O Governo esquece-se que a "sustentabilidade" (um termo muito usado, ultimamente, para justificar tantas e tantas alterações no nosso ordenamento jurídico-político ) dos regimes democráticos bem abertos, como os da generalidade dos países europeus, assenta, em grande medida, em forças de segurança "motivadas", organizadas, determinadas e disciplinadas. Sem esta condicionante, a lepra social do nosso tempo -o TERRORISMO- espalha-se e corre  como "cão em vinha vindimada" e, das liberdades da democracia às ditaduras, passa a ser um pequeno passo. E não colhe dizer-se: "aumentam-se os efectivos das forças de segurança, reforçam-se os seus equipamentos, distribuem-se mais viaturas de toda a ordem, melhoram-se as sua instalações, etc ". Porque se as forças de segurança não forem apoiadas, de forma explícita e clara, pelo poder político e respeitadas pela generalidade da população, não vão ser, certamente,  tais aumentos, reforços e melhoramentos que darão aos seus elementos suficiente motivação para o cumprimento da sua missão -uma das mais difíceis e arriscadas nas democracias modernas.
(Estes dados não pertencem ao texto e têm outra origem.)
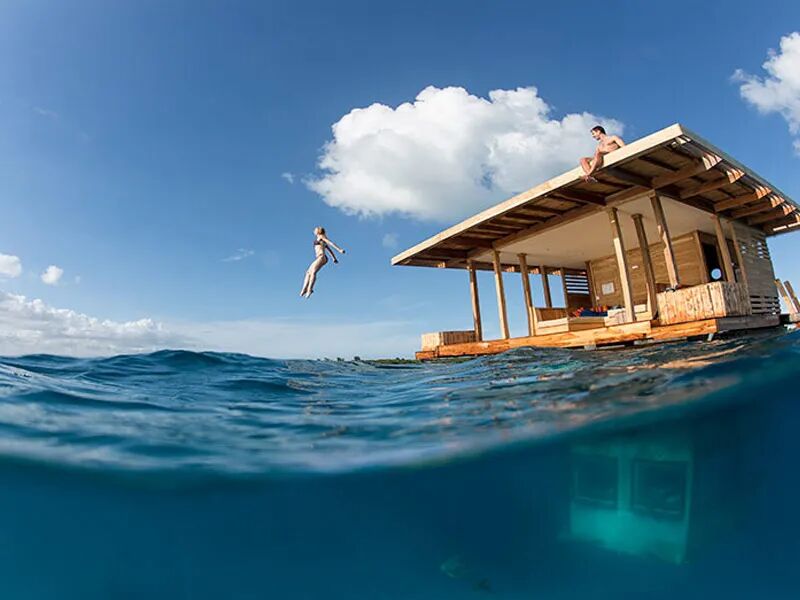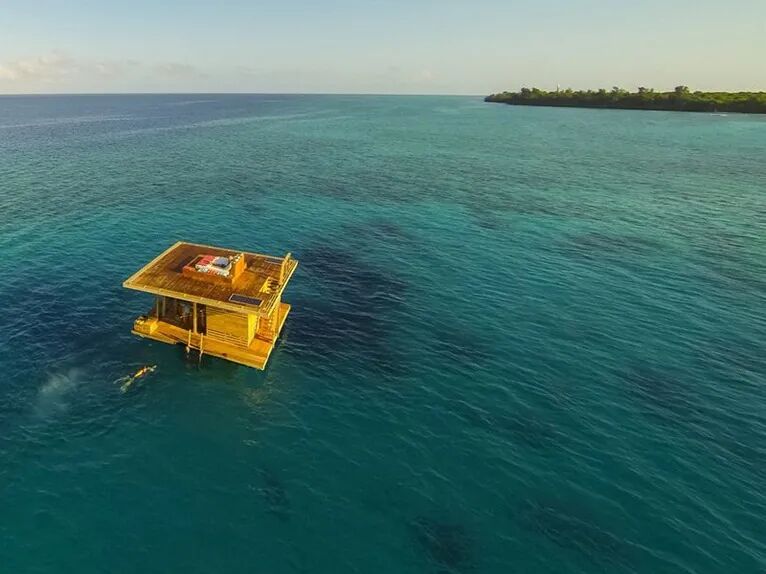 这座水下住宅,四面都是玻璃,被周围的海水环绕,漂浮在繁荣的珊瑚礁旁边,让住客可以近距离观察海洋生物。到了晚上,外部聚光灯吸引珊瑚鱼和章鱼,让水下生物的景色更加壮观。

Por isso se esperava que este Governo, no poder pela vontade maioritária dos portugueses, corrigisse o que entendia estar mal no corpo social mas que, ao mesmo tempo, reforçasse e estimulasse o trabalho das forças de segurança, tendo em conta a germinação crescente dos braços demolidores do TERRORISMO. Fazendo o contrário, como está a fazer, o Governo entra num labirinto, sem saída à vista.
 
 
Este texto faz parte de uma "nota" que enviei, no dia 11 do último mês de Agosto, a um bom amigo, também militar da Guarda, a propósito dos inesperados (ou talvez não) ataques do Governo socialista à GNR. Hoje, três meses depois, face à inexplicável teimosia do PM em não diminuir, racionalmente, os destroços que a sua atitude vai, inexoravelmente, provocar, mantenho, dolorosamente, o que então escrevi, perdida que está, definitivamente, a esperança num rasgo, que justamente se esperava, de verdadeiro sentido da realidade das coisas. Agora vamos ter que ficar mesmo... à espera de Godot .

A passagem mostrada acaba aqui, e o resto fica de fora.